In addition to what one might call the "generic advantages" inherent in any hybrid system, the particular design of 
the Fab architecture brings two additional benefits. First, two scaling problems common to all Web services are 
addressed-an increasing number of users and an increasing number of documents. Second, the system 
automatically identifies emergent communities of interest in the user population, enabling enhanced group 
awareness and communications. 

Here we describe the two approaches for contentbased and collaborative recommendation, explain how a hybrid 
system can be created, and then describe Fab, an implementation of such a system. For more details on both the 
implemented architecture and the experimental design the reader is referred to [1]. 

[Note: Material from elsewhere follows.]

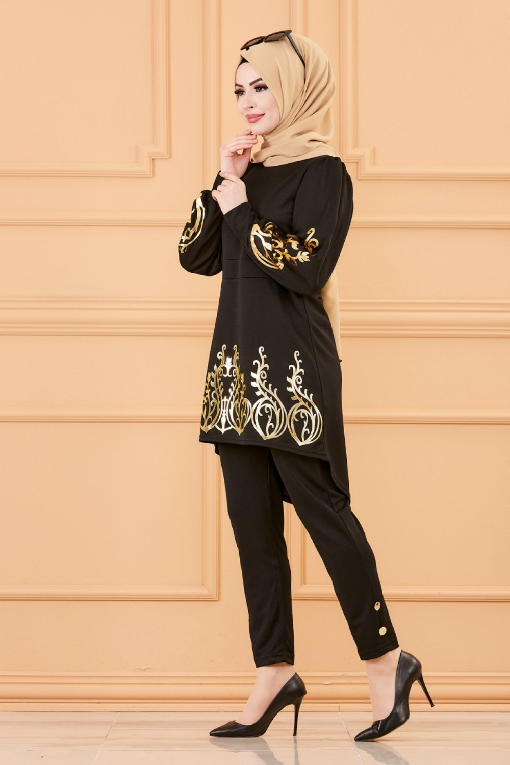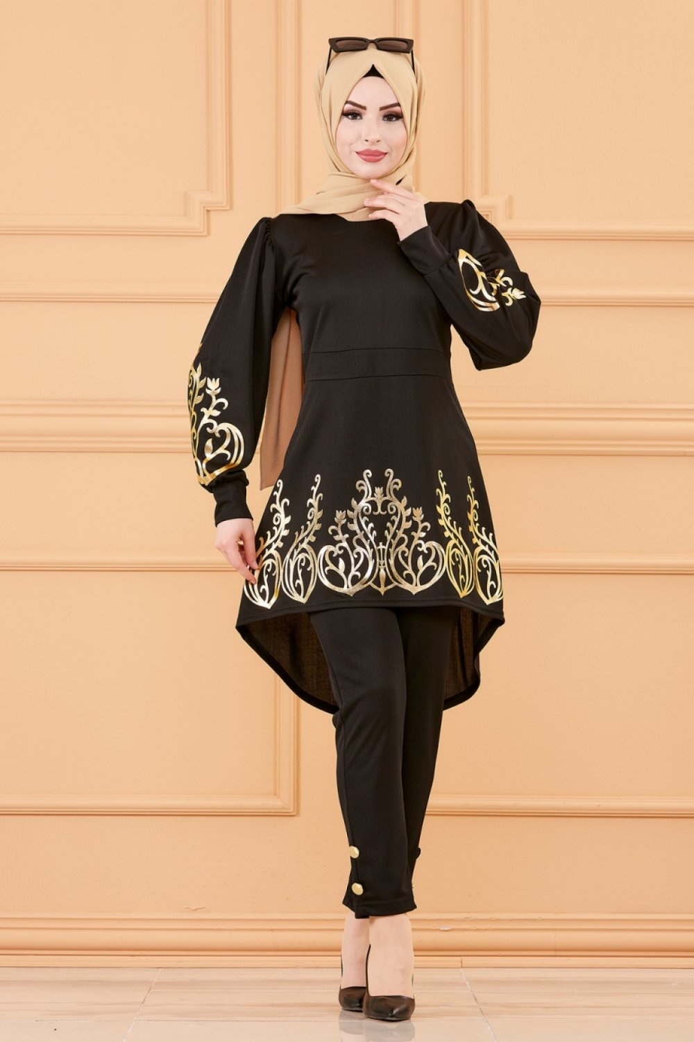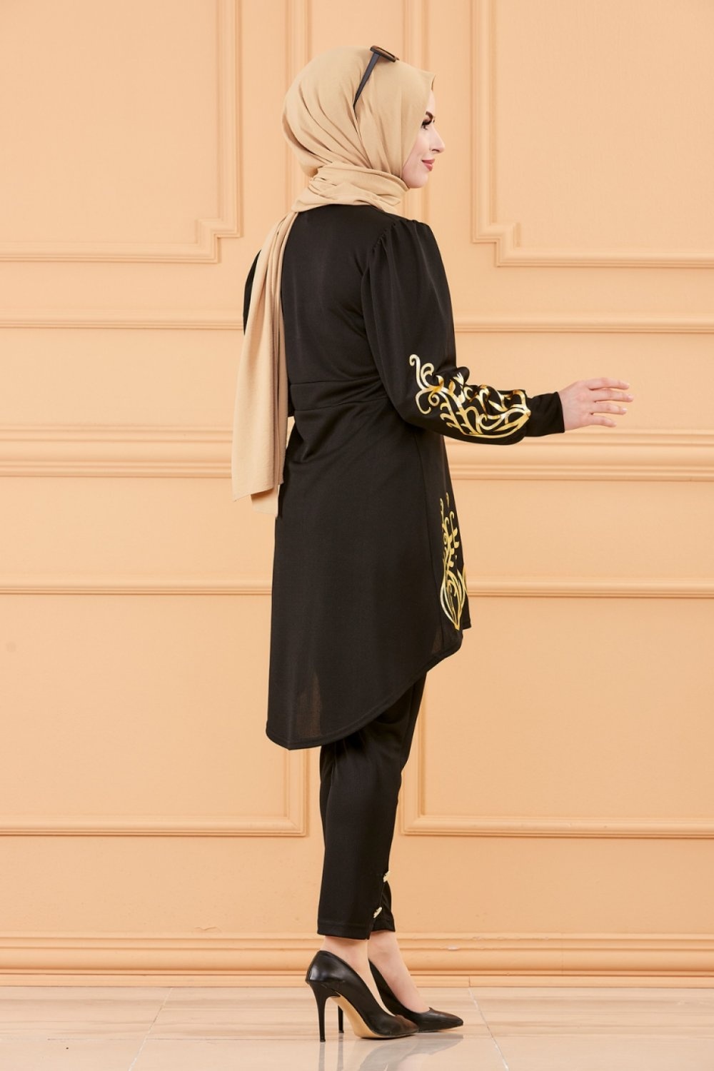 Ensemble de soirée avec arabesques dorées pour femme (Tenue hijab chic - Tunique et pantalon) - Couleur noir Vetement & Accessoire

The content-based approach to recommendation has its roots in the information retrieval (IR) community, and 
employs many of the same techniques. Text documents are recommended based on a comparison between their 
content and a user profile. Data structures for both of these are created using features extracted from the text of the 
documents. Often some weighting scheme is used which gives high weights to discriminating words. For instance, 
Fab's five topweighted words from the IRS Forms and Publications page are "faint-of-heart" (0.33), "tax" (0.28), 
"regulations" (0.25), "tax-payer" (0.23) and "commissioner" (0.22). When a page for a user has been picked, it can 
be shown to them and feedback of some kind elicited. 

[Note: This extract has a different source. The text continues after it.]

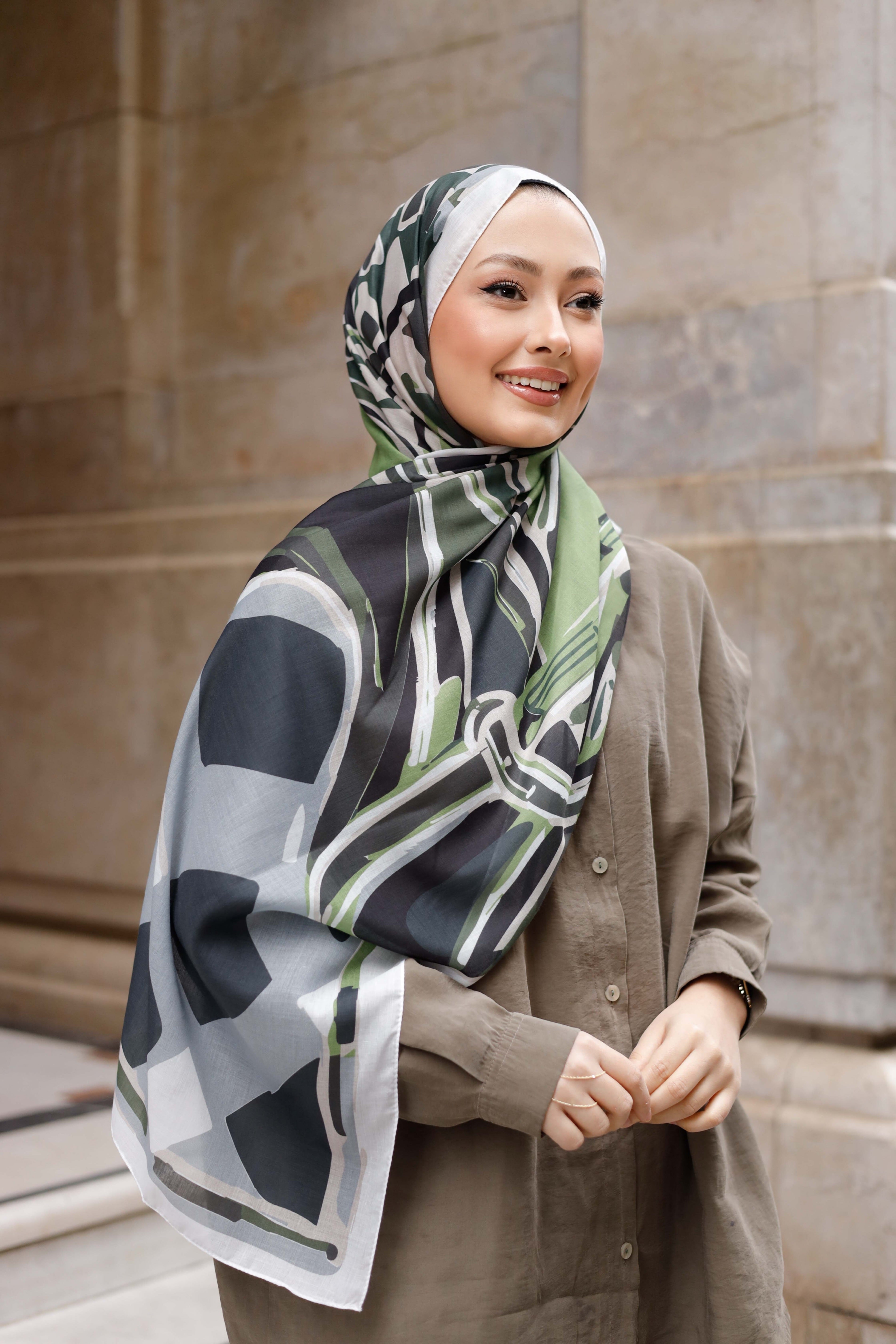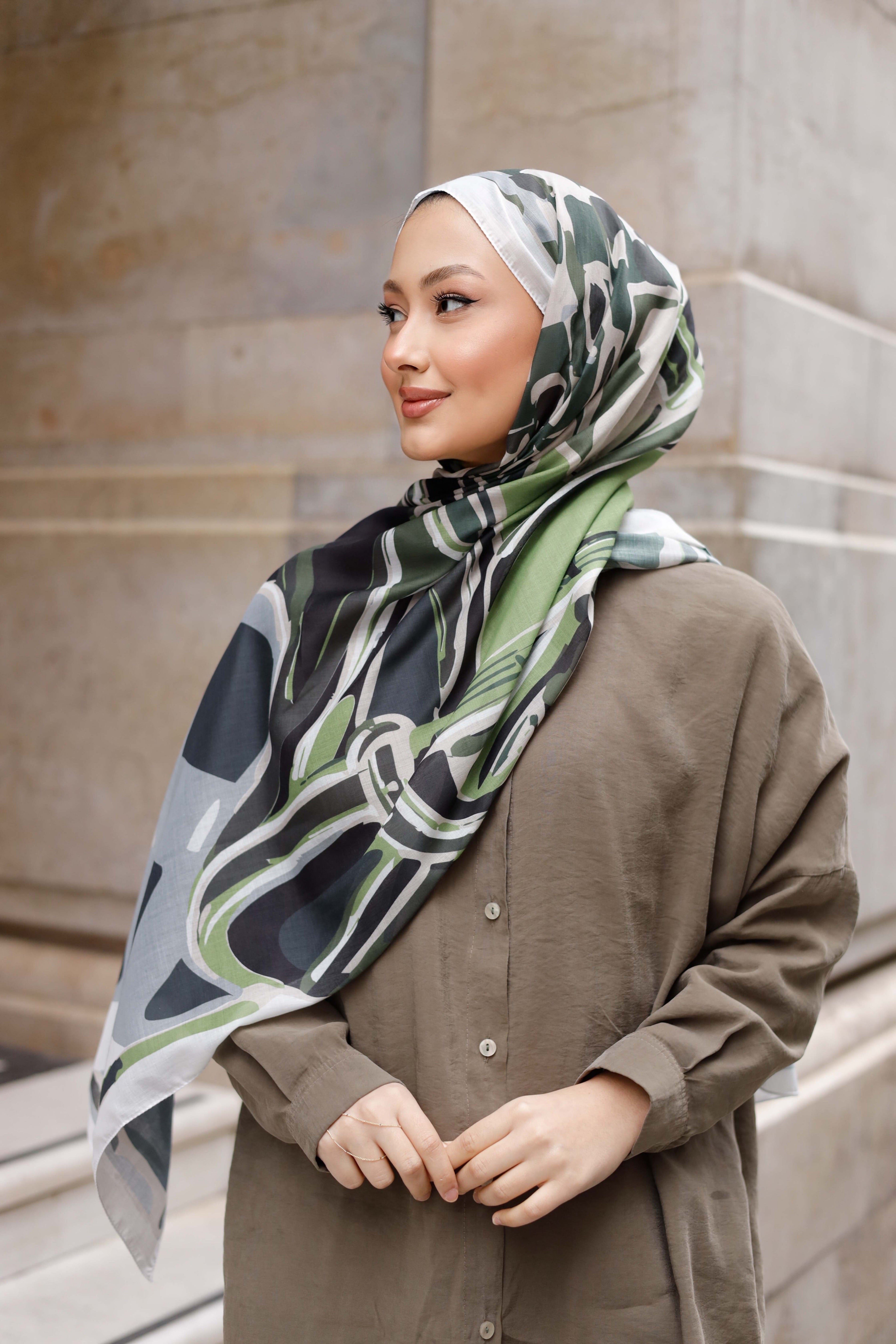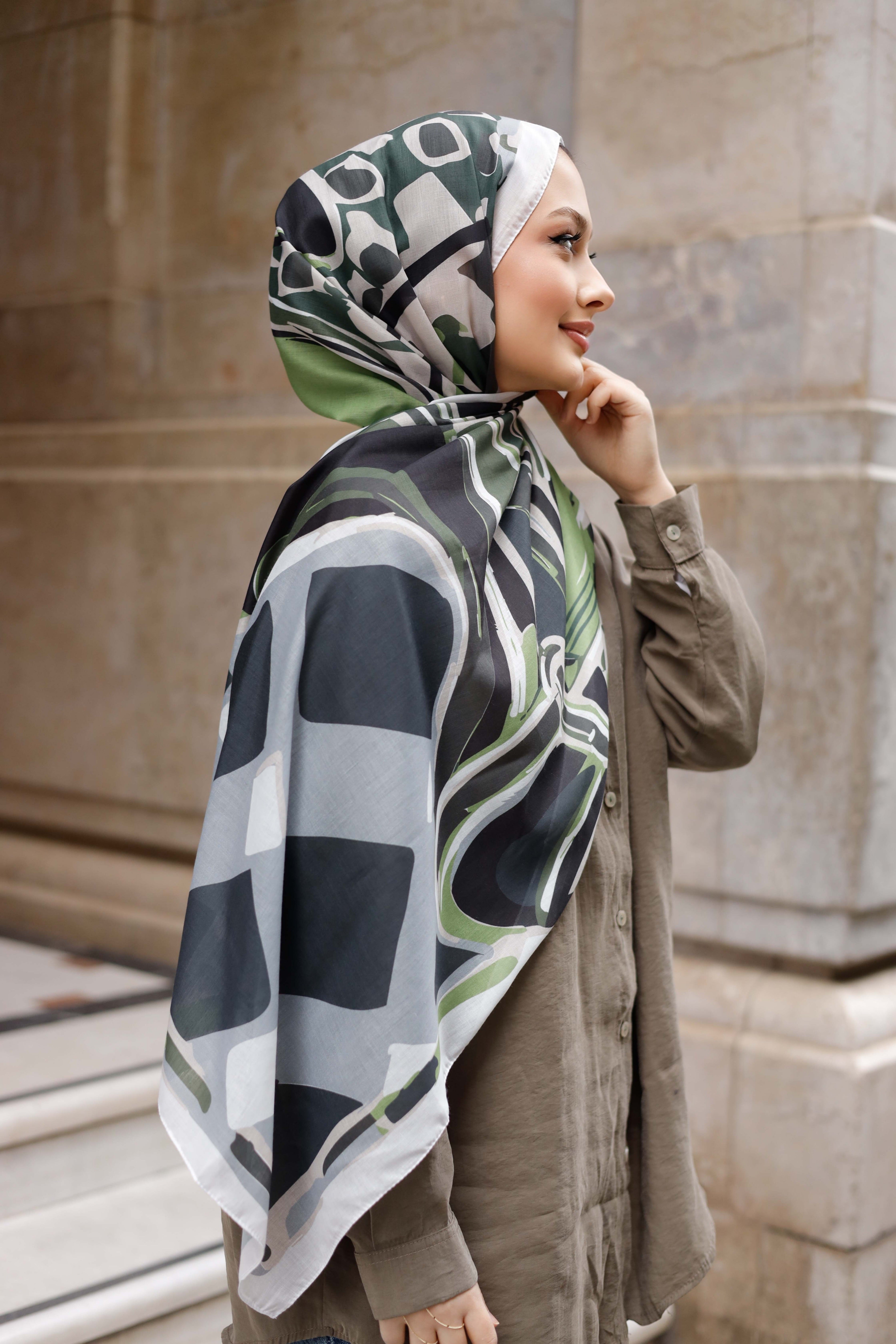 Efilia Desenli Şal Pastel Yolculuk Yeşil

If the user liked a page, weights for the words extracted from it can be added to the weights for the corresponding 
words in the user profile. This process is known as relevance feedback. As well as being simple and fast, it is 
empirically known to give improved results in a normal IR setting [2]. Many alternative methods exist both for 
weighting words or other features from the text and for updating user profiles. The choice of methods does not 
affect our analysis. 

When we contrast content-based and collaborative recommendations we need to be clear what we mean by the 
terms. Systems in industry and academia exist which combine elements of the two approaches, so it would be 
useful to define a "pure" case of each. We consider a pure content-based recommendation system to be one in 
which recommendations are made for a user based solely on a profile built up by analyzing the content of items 
which that user has rated in the past. Examples of such systems are InfoFinder [5], NewsWeeder [6], and systems 
developed for the routing task at the TREC conferences [3]. 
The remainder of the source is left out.